● WHAT YOU ARE ASKED TO DO:
Please take the lines from the one holding "露天茶席活動由台北市副市長蔡" through the one holding "Бейтар – Маккаби" in the data below and copy them exactly.

● DATASET RECORDS:
****

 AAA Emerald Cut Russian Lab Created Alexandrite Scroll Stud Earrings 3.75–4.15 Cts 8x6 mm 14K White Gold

****

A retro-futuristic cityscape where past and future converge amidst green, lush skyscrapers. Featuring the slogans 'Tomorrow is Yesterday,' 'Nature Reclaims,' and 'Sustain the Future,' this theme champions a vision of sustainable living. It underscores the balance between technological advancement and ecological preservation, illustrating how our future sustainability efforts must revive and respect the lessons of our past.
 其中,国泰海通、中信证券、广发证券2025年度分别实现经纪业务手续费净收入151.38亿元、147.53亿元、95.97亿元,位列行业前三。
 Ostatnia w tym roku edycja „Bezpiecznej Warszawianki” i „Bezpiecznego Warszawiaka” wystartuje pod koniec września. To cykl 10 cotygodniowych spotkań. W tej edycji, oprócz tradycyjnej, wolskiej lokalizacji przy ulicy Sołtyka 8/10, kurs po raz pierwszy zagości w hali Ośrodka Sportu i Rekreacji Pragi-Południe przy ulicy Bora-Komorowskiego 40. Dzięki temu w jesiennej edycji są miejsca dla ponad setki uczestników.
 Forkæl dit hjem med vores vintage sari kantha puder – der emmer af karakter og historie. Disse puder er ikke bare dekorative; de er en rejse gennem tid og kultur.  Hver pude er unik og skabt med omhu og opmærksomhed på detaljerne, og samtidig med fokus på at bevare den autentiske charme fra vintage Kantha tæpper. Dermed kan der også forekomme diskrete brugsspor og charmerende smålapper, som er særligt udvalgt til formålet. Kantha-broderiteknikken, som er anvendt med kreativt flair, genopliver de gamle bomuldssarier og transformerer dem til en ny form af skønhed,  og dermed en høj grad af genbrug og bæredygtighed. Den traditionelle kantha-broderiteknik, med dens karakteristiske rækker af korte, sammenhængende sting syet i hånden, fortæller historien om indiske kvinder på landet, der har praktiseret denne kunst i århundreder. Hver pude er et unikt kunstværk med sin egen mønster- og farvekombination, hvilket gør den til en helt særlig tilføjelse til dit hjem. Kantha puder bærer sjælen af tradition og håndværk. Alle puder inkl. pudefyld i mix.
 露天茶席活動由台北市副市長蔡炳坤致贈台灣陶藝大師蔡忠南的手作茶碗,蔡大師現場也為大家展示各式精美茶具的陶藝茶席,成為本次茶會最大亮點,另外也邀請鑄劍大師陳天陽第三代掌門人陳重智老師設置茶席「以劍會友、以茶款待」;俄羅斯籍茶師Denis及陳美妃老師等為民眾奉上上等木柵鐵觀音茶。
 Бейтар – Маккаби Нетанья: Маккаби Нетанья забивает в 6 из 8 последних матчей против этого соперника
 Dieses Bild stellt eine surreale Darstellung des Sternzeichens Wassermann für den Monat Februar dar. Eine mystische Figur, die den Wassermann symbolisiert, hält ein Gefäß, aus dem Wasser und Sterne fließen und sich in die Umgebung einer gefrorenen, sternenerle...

****

● YOUR RESPONSE:
 露天茶席活動由台北市副市長蔡炳坤致贈台灣陶藝大師蔡忠南的手作茶碗,蔡大師現場也為大家展示各式精美茶具的陶藝茶席,成為本次茶會最大亮點,另外也邀請鑄劍大師陳天陽第三代掌門人陳重智老師設置茶席「以劍會友、以茶款待」;俄羅斯籍茶師Denis及陳美妃老師等為民眾奉上上等木柵鐵觀音茶。
 Бейтар – Маккаби Нетанья: Маккаби Нетанья забивает в 6 из 8 последних матчей против этого соперника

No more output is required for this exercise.